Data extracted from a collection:
..........

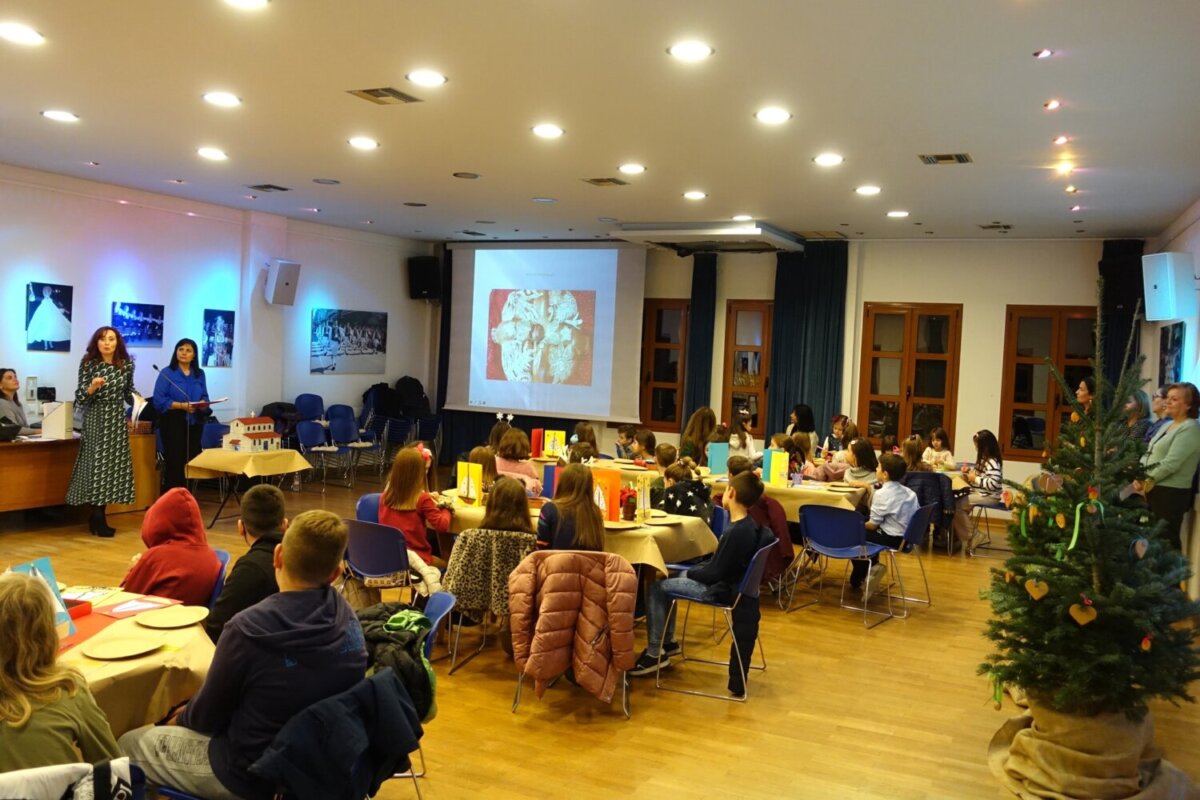 Τα παιδιά θα πληροφορηθούν το συμβολισμό των εθίμων, παρακολουθώντας πλούσιο σχετικό οπτικοακουστικό υλικό, αλλά θα δημιουργήσουν και τις δικές τους κατασκευές εμπνευσμένες πάντα από την τελετουργία των εορταστικών ημερών. Ευχετήριες κάρτες, χριστόψωμο, παραδοσιακά στολίδια, ημερολόγια κ.α. Και βέβαια τα παιδιά θα τραγουδήσουν κάλαντα από διάφορες περιοχές της χώρας μας. Είναι ένα όμορφο ταξίδι στην παράδοση με σεβασμό στα έθιμα των ημερών.
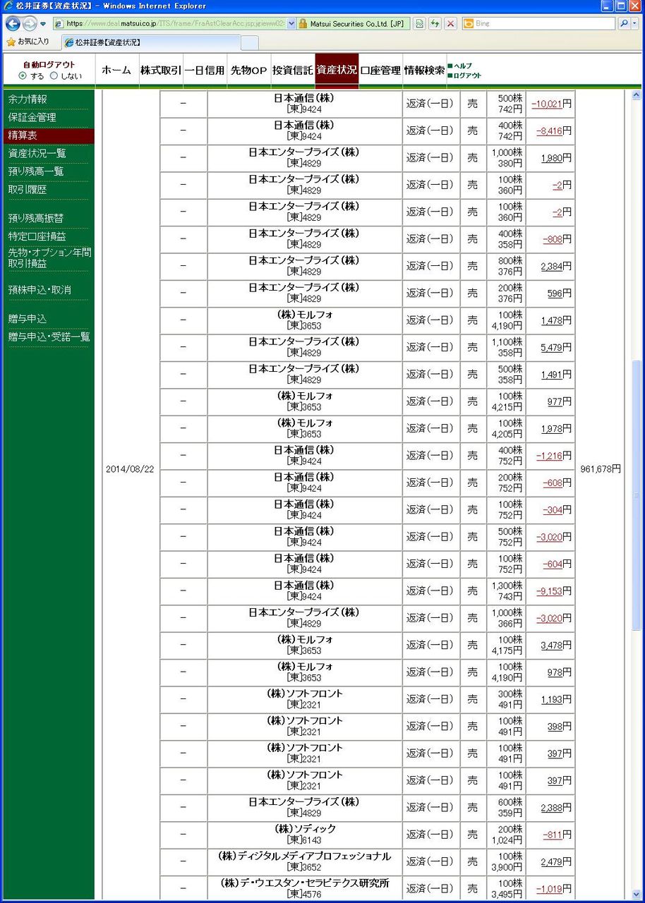 取引したのは3664モブキャスト、7725インターアクション、7707PSS、4829日本エンター、3652DMP。予定があったので9時半少し過ぎたところで取引終了した。
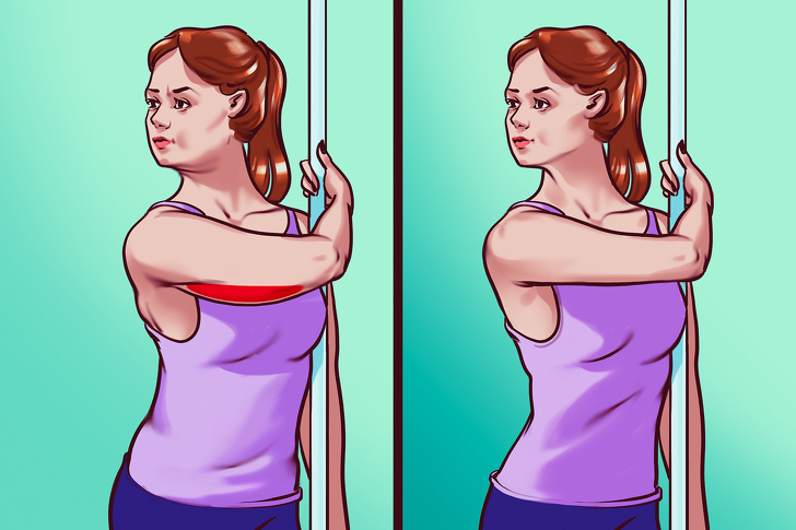 - Зіпріться плечем об вертикальну планку. Можна використовувати одвірок.
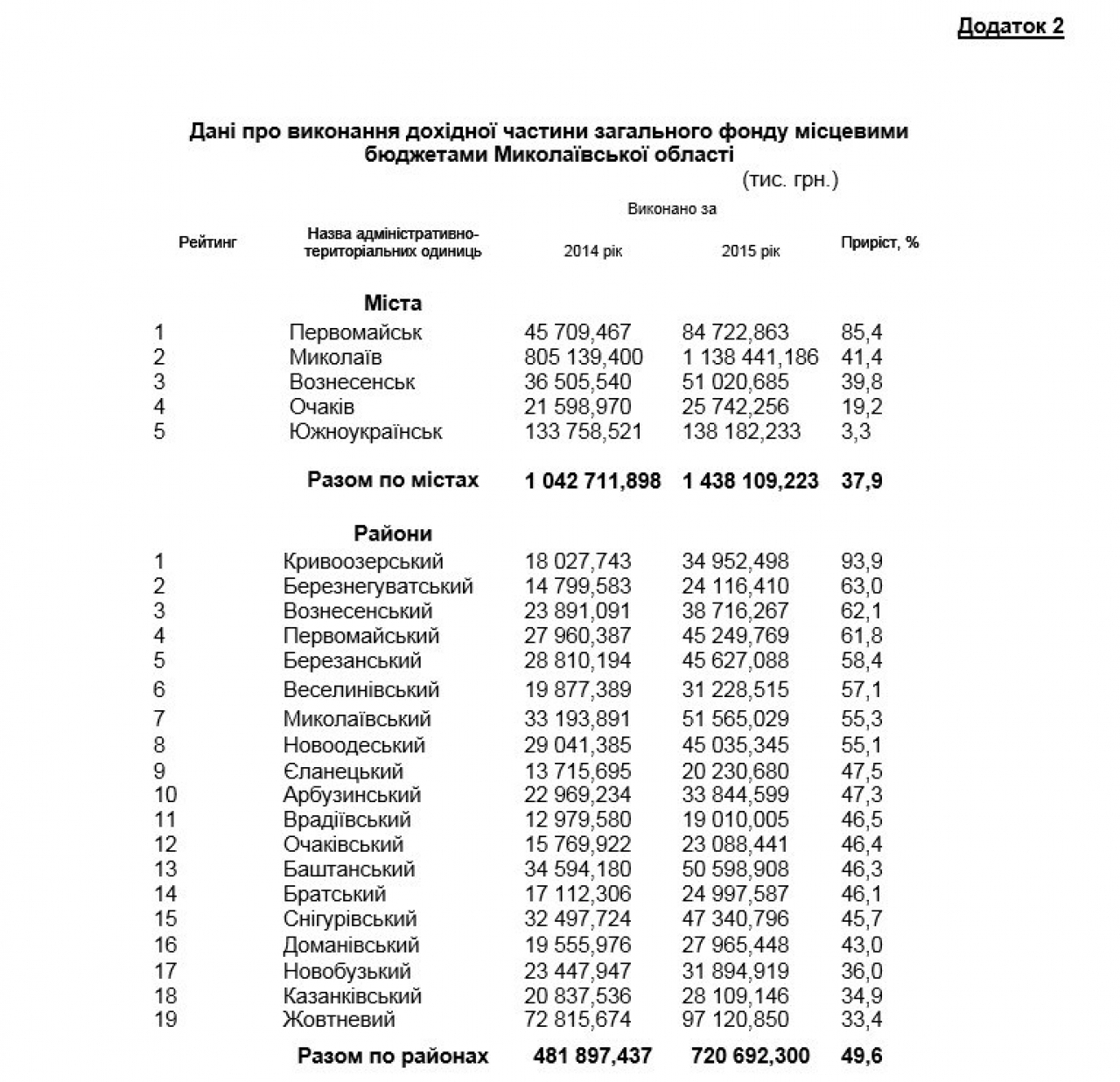 Что касается показателей выполнения доходной части общего фонда местных бюджетов за 2015 год, то 1 место занимает Первомайск, где прирост составил 85,4%, 2 место - Николаев (41,4%), 3 место - Вознесенск (39,8%), 4 место - Очаков (19,2%), 5 место - Южноукраинск (3,3%).
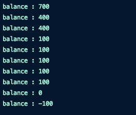 인출하려는 금액이 현재 잔고보다 적거나 같을 때만 인출 가능하다고 했는데 잔고는 -100이다.

..........

▶ _TASK REQUIREMENTS_: All entries should be reproduced exactly; no picture belongs in the result.

▶ _OUTPUT BELOW_:
 Τα παιδιά θα πληροφορηθούν το συμβολισμό των εθίμων, παρακολουθώντας πλούσιο σχετικό οπτικοακουστικό υλικό, αλλά θα δημιουργήσουν και τις δικές τους κατασκευές εμπνευσμένες πάντα από την τελετουργία των εορταστικών ημερών. Ευχετήριες κάρτες, χριστόψωμο, παραδοσιακά στολίδια, ημερολόγια κ.α. Και βέβαια τα παιδιά θα τραγουδήσουν κάλαντα από διάφορες περιοχές της χώρας μας. Είναι ένα όμορφο ταξίδι στην παράδοση με σεβασμό στα έθιμα των ημερών.
 取引したのは3664モブキャスト、7725インターアクション、7707PSS、4829日本エンター、3652DMP。予定があったので9時半少し過ぎたところで取引終了した。
 - Зіпріться плечем об вертикальну планку. Можна використовувати одвірок.
 Что касается показателей выполнения доходной части общего фонда местных бюджетов за 2015 год, то 1 место занимает Первомайск, где прирост составил 85,4%, 2 место - Николаев (41,4%), 3 место - Вознесенск (39,8%), 4 место - Очаков (19,2%), 5 место - Южноукраинск (3,3%).
 인출하려는 금액이 현재 잔고보다 적거나 같을 때만 인출 가능하다고 했는데 잔고는 -100이다.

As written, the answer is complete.